More than half of the world’s rentable server storage is managed by four gigantic corporations. Amazon is by far the biggest, with about a third of the market share and more than 35 data centres across the globe.
The next three biggest providers are Microsoft, IBM and Google, each of them adobe a similar global pattern of data servers.
Various of these major server providers regularly duplicate their client’s (internet users) data across their network. This means that your data such as your personal information is uploaded to servers in the country you are located, and then it would rebounce in various other countries.
The issue with this is that there is always a risk that the country your personal data goes to does not have the same level of data protection. If your data ends up in another nation, it can be unclear who has access to it. This puts you at a risk, as your personal information is out there in the world.
The good news is that the major 4 big corporations that are monopolizing the data industry invest tremendously on their cyber security. For example, Google has proclaimed that their data centres are protected with several high levels of security to prevent any unauthorized access of your data. Check out their video below to get more information as they bring the viewers on a personal trip to see brains of how they manage our data:
Things To Do To Keep Your Personal Data More Safe!
1) Personal information is like cash: Value it. Protect it. Personal data, for example, your purchasing history, IP address, or geolocation, has huge incentive to organizations – similar to cash. Make educated choices about whether to share your information to specific organizations by considering the amount of personal data they are requesting, and comparing the advantages you may versus the advantages the organization may get.

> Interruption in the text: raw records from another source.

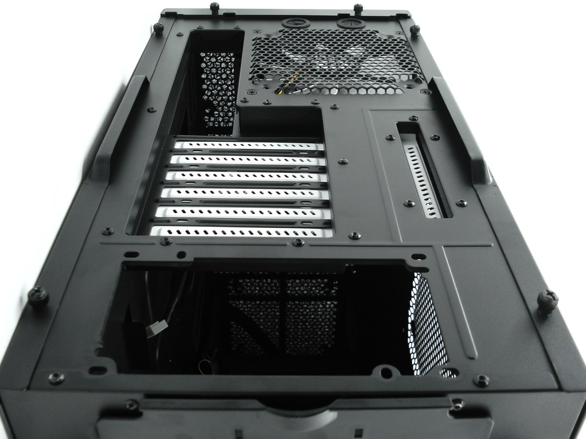 En la parte trasera poco más podemos añadir. Está llena de remaches de ensamble, rejilla metálica hexagonal para el ventilador instalado, placas PCI pintadas en blanco con perforaciones alargadas (en su interior también veremos otros componentes pintados en blanco). Si no fuera por el lateral izquierdo, sería una de las cajas mejor cubiertas contra el polvo del mercado, incluyendo la parte trasera. Es de agradecer que los 6 tornillos accesibles se puedan extraer manualmente.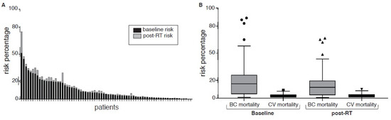(A) Baseline and post-RT 10-year major cardiovascular event risk. (B) Baseline and post-RT 10-year breast cancer and cardiovascular risk mortality. Circles show baselines values, triangles are post-RT.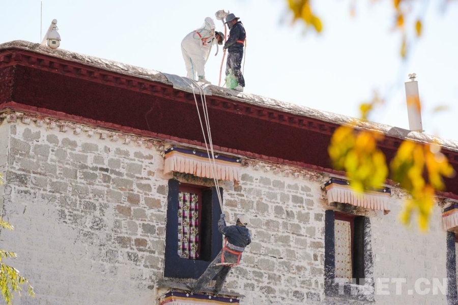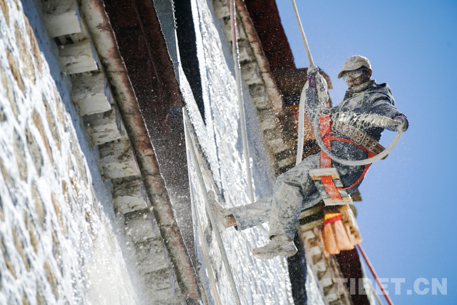 圖為專業(yè)工人正在為布達(dá)拉宮外墻噴涂涂料 攝影:趙振宇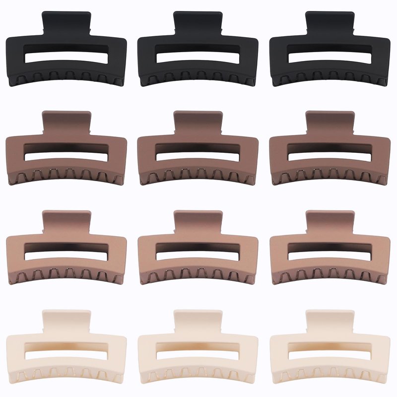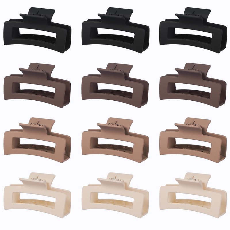 Sisiaipu 3.5 Inch Medium Hair Claw Clips 12 Pcs Square Claw Clips for Thick and Thin Hair Rectangular Rectangle Hair Clips Jaw Clips Bulk Hair Accessories for women and Girls - Brown

2) Monitor your applications. Numerous applications request access to personal data, for example, your geographic area, contacts list and your photo album, before you can utilize their services. Be insightful about who gets that data, and careful about applications that expect access to data that isn't needed or important for the service they are providing. Erase unused applications on your phones or gadgets and keep others secure by performing updates. One usual way to keep your applications in check is by always installing trustworthy antivirus applications. This application scans and observes any abnormal activities and informs you.
3) Manage your privacy settings. Check the privacy and security settings on web services and applications and set them to your comfort level for information sharing. Every gadget, application or program you use will have various options to restrict how and with whom you share data. By exploring these options, you could potentially stop your personal data getting to the wrong hands.